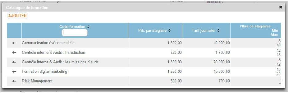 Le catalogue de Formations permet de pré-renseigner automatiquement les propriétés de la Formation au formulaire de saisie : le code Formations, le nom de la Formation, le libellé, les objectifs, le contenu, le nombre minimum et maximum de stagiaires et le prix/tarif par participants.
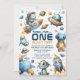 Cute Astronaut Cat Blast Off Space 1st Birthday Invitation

########################################

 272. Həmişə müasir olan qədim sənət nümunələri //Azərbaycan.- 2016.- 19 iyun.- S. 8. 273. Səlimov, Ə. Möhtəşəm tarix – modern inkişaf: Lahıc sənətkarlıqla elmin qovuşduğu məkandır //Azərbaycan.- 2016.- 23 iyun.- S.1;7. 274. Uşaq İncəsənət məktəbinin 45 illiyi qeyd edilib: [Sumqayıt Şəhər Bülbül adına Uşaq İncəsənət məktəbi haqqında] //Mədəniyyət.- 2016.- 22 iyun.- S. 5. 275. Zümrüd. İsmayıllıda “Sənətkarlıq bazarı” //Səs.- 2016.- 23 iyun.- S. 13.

########################################

• Task description: For the entries above, print exactly the lines between the one with "Le catalogue de" and the one with "Cute Astronaut Cat", inclusive, with no pictures.

• Response below:
 Le catalogue de Formations permet de pré-renseigner automatiquement les propriétés de la Formation au formulaire de saisie : le code Formations, le nom de la Formation, le libellé, les objectifs, le contenu, le nombre minimum et maximum de stagiaires et le prix/tarif par participants.
 Cute Astronaut Cat Blast Off Space 1st Birthday Invitation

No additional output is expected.